April 25 is World Malaria Day and this year the specially assigned motto is “Accelerating the fight against malaria for a more equitable world”. The following chart takes a look at the latest figures by Policy Cures Research on research and development funding not only for malaria, but also several other major diseases as well as their related estimated number of deaths in 2022.
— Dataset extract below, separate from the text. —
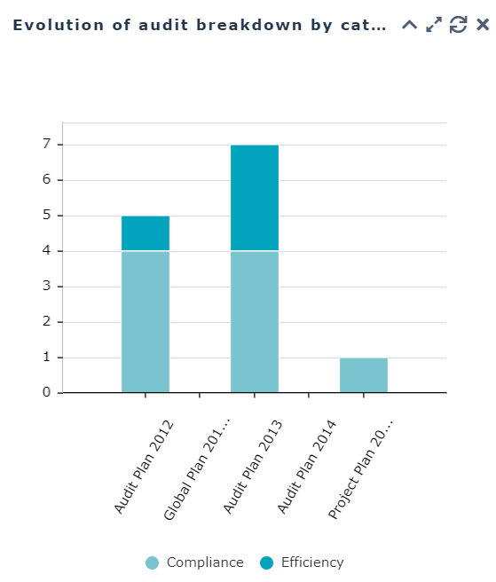 This widget shows evolution over time (by audit plan) of audit breakdown by audit category: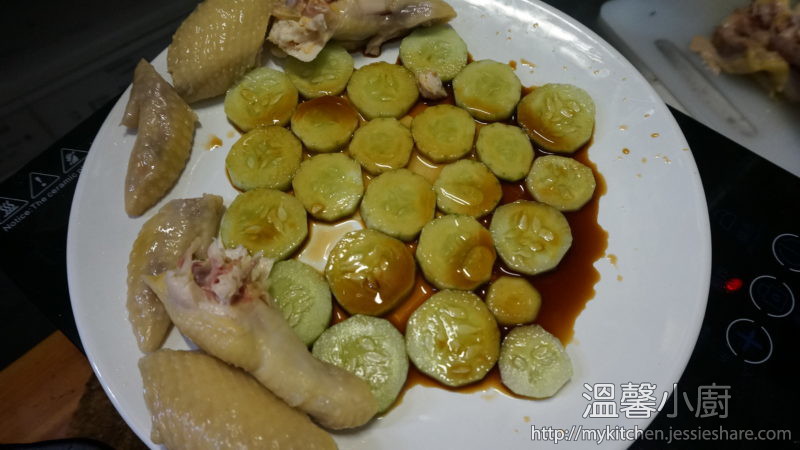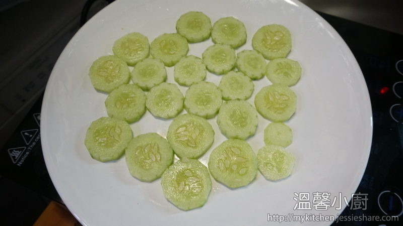 11. 準備一個大碟,把青瓜切成一片片,鋪在碟上,平均地倒入少許豉油及麻油

Malaria is considered one of the neglected diseases and was included in the report, according to Policy Cures Research, because it ticks all three of the following criteria: 1) it is a disease that disproportionately affects people in low- and middle-income countries 2) there is a need for new products (i.e. there is no existing product OR improved or additional products are needed) 3) there is market failure (i.e. there is insufficient commercial market to attract R&D by private industry).
As this chart shows, malaria received $604 million in 2022. This is a drop of more than 10 percent since 2021 (-$73 million), and was the lowest level of funding in the past 15 years. According to the report, funding for malaria vaccines fell for a fifth consecutive year, to a record low of $106 million. Meanwhile, drugs received the largest share of funding ($235 million), although the segment also saw a drop of 12 percent (-$33 million).
Yet, other diseases received even less attention. Hepatitis B, which killed over a million people in 2022 received just 30 million in funding worldwide that year.